#### SOURCE RECORDS

════════════════

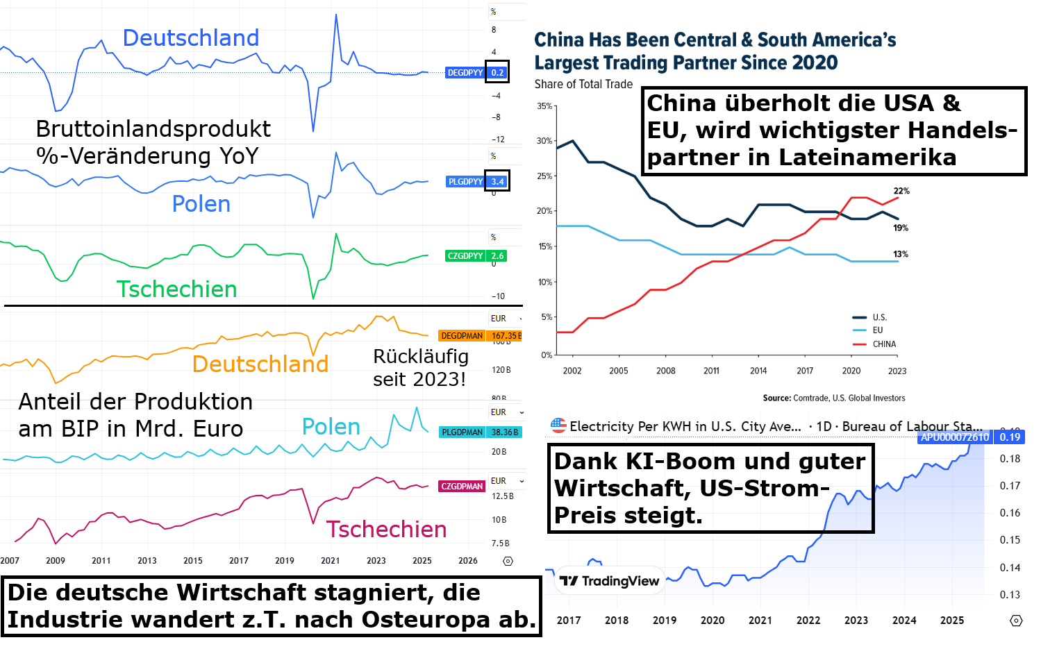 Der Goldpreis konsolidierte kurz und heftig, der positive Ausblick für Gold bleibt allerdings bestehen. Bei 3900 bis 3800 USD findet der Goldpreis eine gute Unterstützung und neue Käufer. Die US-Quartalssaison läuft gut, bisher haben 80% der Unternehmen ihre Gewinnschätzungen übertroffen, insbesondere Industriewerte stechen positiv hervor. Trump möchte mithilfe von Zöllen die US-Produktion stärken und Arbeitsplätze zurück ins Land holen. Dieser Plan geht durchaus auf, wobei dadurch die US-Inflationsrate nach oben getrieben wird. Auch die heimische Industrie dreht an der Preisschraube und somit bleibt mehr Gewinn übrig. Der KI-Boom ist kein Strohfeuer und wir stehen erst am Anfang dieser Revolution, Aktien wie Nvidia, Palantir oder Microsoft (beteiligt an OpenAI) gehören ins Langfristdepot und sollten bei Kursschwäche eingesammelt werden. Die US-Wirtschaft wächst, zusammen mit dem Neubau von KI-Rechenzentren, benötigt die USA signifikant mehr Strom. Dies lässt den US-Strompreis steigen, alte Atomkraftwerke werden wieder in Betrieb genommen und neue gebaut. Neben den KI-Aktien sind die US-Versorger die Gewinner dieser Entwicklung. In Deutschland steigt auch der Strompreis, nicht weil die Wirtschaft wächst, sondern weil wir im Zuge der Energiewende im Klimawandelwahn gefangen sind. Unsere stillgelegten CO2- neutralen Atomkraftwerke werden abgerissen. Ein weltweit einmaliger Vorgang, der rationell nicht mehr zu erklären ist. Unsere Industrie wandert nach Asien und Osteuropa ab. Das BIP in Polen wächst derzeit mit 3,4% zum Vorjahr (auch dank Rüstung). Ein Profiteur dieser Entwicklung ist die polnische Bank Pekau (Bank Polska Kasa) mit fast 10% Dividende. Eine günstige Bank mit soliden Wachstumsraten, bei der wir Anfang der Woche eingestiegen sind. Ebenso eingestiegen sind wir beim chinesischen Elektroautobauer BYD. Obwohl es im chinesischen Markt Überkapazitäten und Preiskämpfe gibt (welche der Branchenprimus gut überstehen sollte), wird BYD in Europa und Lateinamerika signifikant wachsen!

════════════════

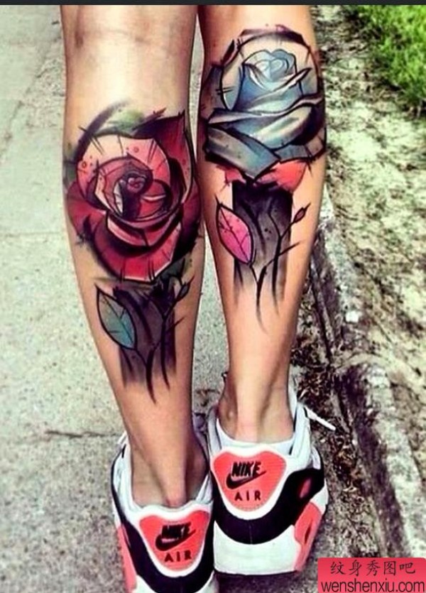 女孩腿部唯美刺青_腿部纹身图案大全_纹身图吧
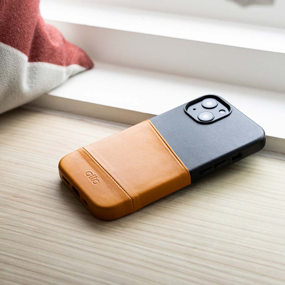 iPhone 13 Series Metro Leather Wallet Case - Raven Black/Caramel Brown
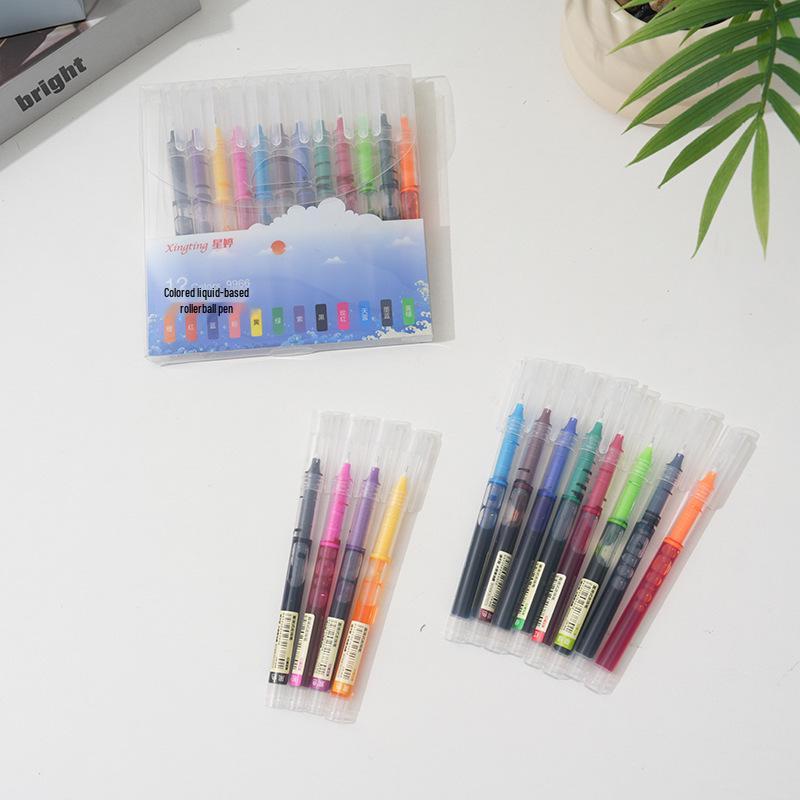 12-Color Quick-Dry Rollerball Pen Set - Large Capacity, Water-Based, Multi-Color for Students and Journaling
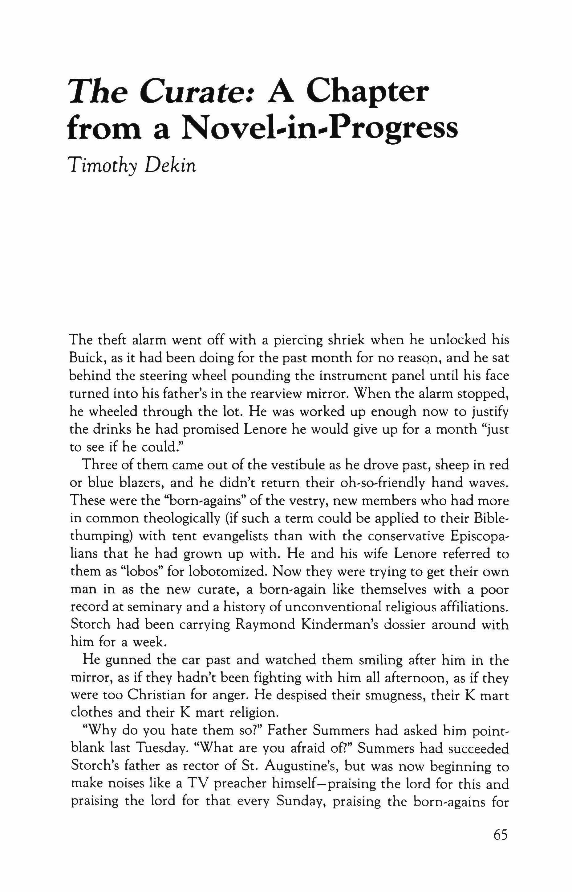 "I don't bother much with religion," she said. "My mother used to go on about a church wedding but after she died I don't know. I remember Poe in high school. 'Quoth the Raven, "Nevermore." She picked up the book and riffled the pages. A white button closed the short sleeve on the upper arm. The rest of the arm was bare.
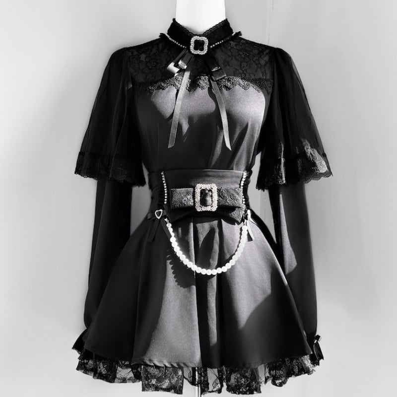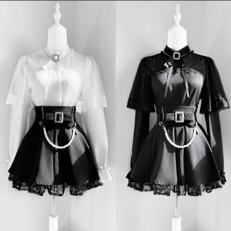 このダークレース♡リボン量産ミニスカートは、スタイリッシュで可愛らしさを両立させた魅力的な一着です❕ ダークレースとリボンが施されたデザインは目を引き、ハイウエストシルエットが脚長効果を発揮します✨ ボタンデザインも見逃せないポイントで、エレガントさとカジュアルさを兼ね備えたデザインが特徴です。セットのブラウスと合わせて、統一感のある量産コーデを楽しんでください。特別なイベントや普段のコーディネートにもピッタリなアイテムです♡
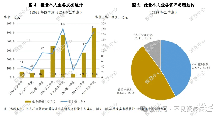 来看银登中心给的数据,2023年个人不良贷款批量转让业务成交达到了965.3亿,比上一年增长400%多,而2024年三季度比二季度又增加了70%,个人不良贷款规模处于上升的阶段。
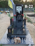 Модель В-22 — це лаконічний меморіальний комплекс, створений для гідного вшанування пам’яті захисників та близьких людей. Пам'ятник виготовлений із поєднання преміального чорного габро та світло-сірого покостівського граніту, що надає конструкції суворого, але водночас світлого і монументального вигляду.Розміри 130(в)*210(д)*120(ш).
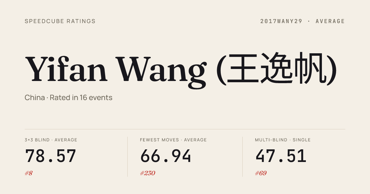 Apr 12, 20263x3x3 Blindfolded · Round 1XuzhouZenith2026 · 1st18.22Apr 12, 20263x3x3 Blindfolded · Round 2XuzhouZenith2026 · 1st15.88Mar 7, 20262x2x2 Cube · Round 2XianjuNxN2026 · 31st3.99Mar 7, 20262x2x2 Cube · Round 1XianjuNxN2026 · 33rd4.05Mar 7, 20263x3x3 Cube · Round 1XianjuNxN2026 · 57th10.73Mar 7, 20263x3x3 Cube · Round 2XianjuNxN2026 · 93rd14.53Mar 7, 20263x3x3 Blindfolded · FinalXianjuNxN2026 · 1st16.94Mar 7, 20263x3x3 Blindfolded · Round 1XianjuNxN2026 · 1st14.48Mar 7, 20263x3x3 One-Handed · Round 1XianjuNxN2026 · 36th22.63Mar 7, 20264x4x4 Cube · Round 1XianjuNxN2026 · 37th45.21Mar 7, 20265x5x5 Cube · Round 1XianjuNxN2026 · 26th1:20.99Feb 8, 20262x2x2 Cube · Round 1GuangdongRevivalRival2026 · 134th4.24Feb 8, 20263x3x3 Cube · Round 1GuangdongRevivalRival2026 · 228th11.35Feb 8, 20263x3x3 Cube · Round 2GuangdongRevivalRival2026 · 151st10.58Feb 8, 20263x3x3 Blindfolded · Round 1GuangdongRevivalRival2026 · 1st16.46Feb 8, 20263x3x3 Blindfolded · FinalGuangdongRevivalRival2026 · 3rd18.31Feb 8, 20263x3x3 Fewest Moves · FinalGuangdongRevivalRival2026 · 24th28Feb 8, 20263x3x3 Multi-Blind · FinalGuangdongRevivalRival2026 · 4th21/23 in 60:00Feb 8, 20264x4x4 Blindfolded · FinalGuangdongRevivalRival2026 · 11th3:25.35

════════════════

Give again the lines of the listing above that run from the one with "12-Color Quick-Dry Rollerball" up to and including the one with "Модель В-22 —". Keep them exact and omit the pictures.

#### SOLUTION TO THE EXERCISE
 12-Color Quick-Dry Rollerball Pen Set - Large Capacity, Water-Based, Multi-Color for Students and Journaling
 "I don't bother much with religion," she said. "My mother used to go on about a church wedding but after she died I don't know. I remember Poe in high school. 'Quoth the Raven, "Nevermore." She picked up the book and riffled the pages. A white button closed the short sleeve on the upper arm. The rest of the arm was bare.
 このダークレース♡リボン量産ミニスカートは、スタイリッシュで可愛らしさを両立させた魅力的な一着です❕ ダークレースとリボンが施されたデザインは目を引き、ハイウエストシルエットが脚長効果を発揮します✨ ボタンデザインも見逃せないポイントで、エレガントさとカジュアルさを兼ね備えたデザインが特徴です。セットのブラウスと合わせて、統一感のある量産コーデを楽しんでください。特別なイベントや普段のコーディネートにもピッタリなアイテムです♡
 来看银登中心给的数据,2023年个人不良贷款批量转让业务成交达到了965.3亿,比上一年增长400%多,而2024年三季度比二季度又增加了70%,个人不良贷款规模处于上升的阶段。
 Модель В-22 — це лаконічний меморіальний комплекс, створений для гідного вшанування пам’яті захисників та близьких людей. Пам'ятник виготовлений із поєднання преміального чорного габро та світло-сірого покостівського граніту, що надає конструкції суворого, але водночас світлого і монументального вигляду.Розміри 130(в)*210(д)*120(ш).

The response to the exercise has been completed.